I don't want to make an unfair comparison because our life paths have been different, but I do want to encourage you to hang in there and keep learning. 80% of what I've learned about the arts and about the integration of art and Christian faith I've learned "off line," on my own, as my avocation. I have felt the same feelings of uselessness and naivete and "I don't know what I'm doing!"

But keep going. What you're doing is important. Keep your eyes on Jesus and keep reminding yourself of the vision He's given you for your life and the place of art in it.

And . . . here's a wild thought. How would you feel about letting me post your journal entry (edited if you wish, but still in its raw state) and then my response here. I say this not in a self-indulgent way but to say that I think a lot of people out there in blogland might be really encouraged, sympathetically, empathetically. Feel completely free to say no. Not a worry. It just strikes me that others might receive comfort from your brief self-disclosure.

Let me know.



Again I say, Yikes.

Yes, absolutely, you are welcome to use anything you’d like. It would be important to me that it was clear this was a journal entry and represents just my plain old, tired-out feelings. I know, though, how very encouraged I am from this exchange and would be happy to multiply that encouragement.

Some of this journey feels kind of like Elijah going through the cave experience and wailing that he was all alone and then God revealing to him (through quite a variety of creative display, ironically) that he was, in fact, not alone. In the past as I’ve dug into that biblical account I have felt that God’s main agenda was to test Elijah’s true desires, asking him pointedly before and after the impressive, earth-shaking cave episode, “What is it that you want?” I imagine Elijah was duly impressed with all the natural wonders, but he did not budge one bit, “I want HELP! I don’t want to be alone!” . . .

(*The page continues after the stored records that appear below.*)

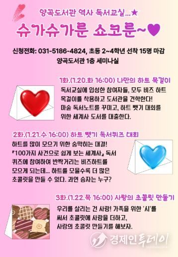 경제인투데이 류현민 기자 | 김포시는 2026년 1월 20일 오후 4시부터 6시까지 1층 세미나실에서 초등학교 2~4학년을 대상으로 한 역사 독서교실 '슈가슈가룬 쇼코룬'을 운영한다.
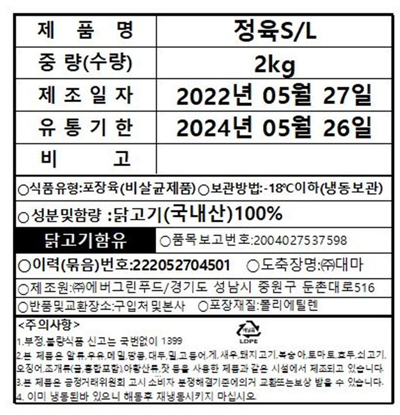본 제품은 제품입고일별 유통기한 또는 품질유지기한이 상이하므로, 필요시 고객센터로 문의하여 주십시오. 제조일로부터 730일 까지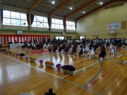 本日、元城小学校第52回入学式を行いました。新入生は46名、全校児童280名で令和5年度がスタートしました。新入生のみなさんはちょっぴり緊張気味でしたが、落ち着いて入学式を過ごすことができました。小学校生活は6年間です。一人一人が大きく成長し、6年後ふり返ったときに元城小学校でよかったと思える学校にしていきましょう。
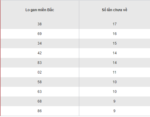 Thống kê loto gan XSMB thứ 5 ngày 21/07/2016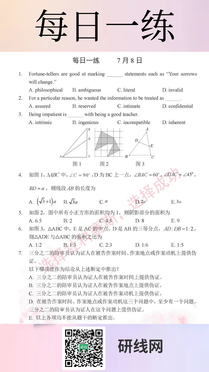 以上就是今日每日一練的全部內(nèi)容,跟著每日一練,考研輕松復(fù)習(xí)!更多考試練習(xí),盡在“每日一練”欄目。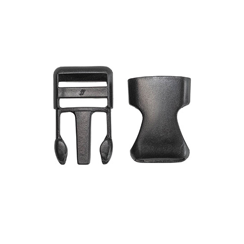 Een zwarte kunststof klikgesp voor de fietstas Natural van het merk Beck, ter vervanging van een kapotte klikgesp.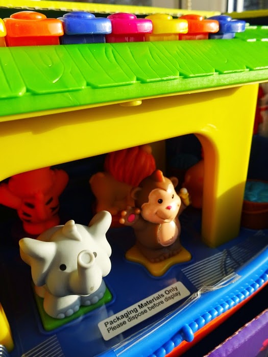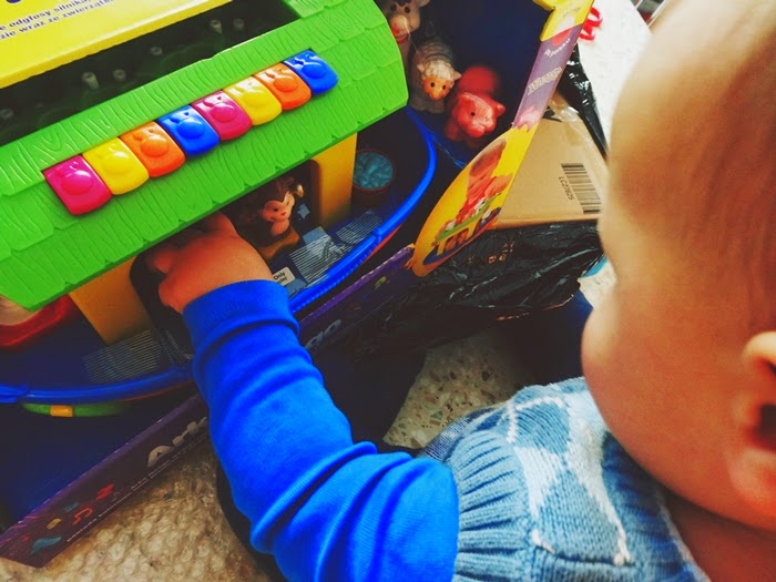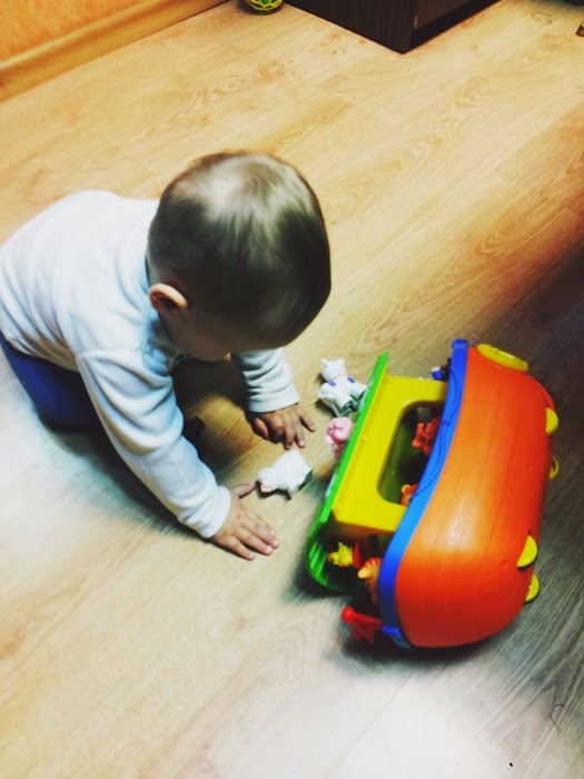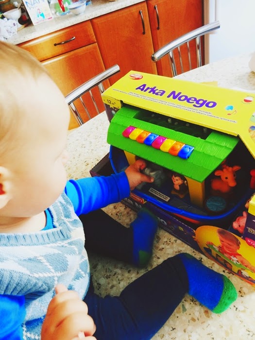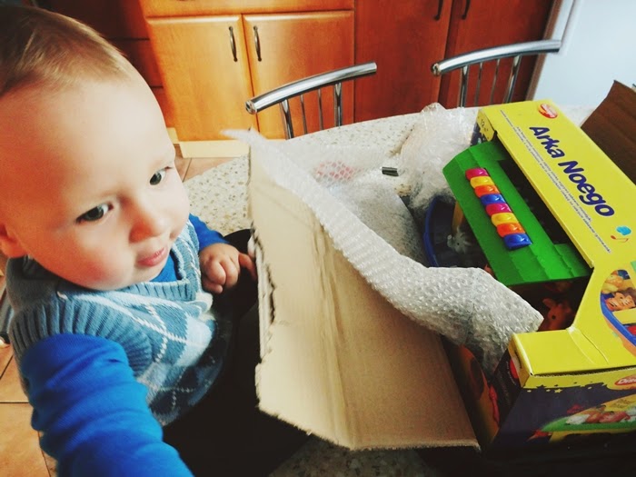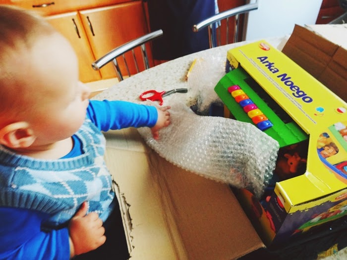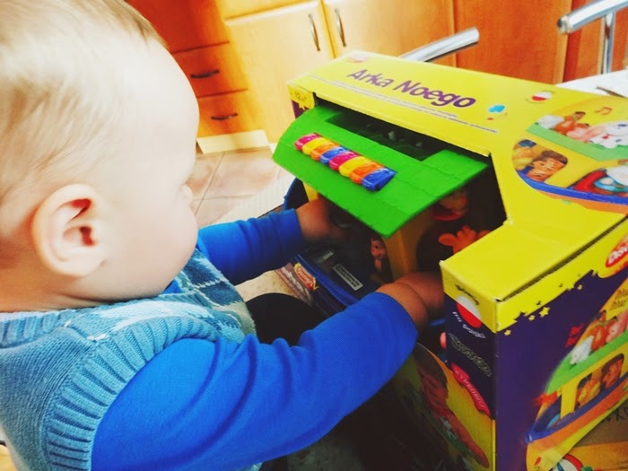 Jak tylko kurier dostarczył nam paczkę od razu zabraliśmy się za jej rozpakowywanie. Oli gdy tylko zobaczył kawałek dachu i pierwsze zwierzątka od razu bardzo chętnie zaczął mi pomagać. Oczywiście od razu nastąpiło testowanie. Obracanie, jeżdżenie, rzucanie, przewracanie arki oraz gryzienie, rzucanie i oglądanie z każdej strony zwierzątek oraz pierwsze próby grania na pianinku.

God has been very kind to me this week. Thanks for being part of that.


(PHOTO: Sam Beam and David Beam)


Jim Janknegt said…
Twin sons of different mothers!!??
Ah yes, my long lost brother. . . . Sigh.
Once again, David, thank you for your kindness. I wanted to thank HopeArts for, perhaps unknowingly, blazing a trail for us here at Union Center Christian Church. We just completed our second annual art show and have been astounded at what God has brought to the surface in our church family and community. Something very, very good is brewing here and we feel like we are learning just barely fast enough to keep up with it all. The work you all have done in Austin has served as a template for us. Please pass along the deep gratitude of your brothers and sisters in upstate NY!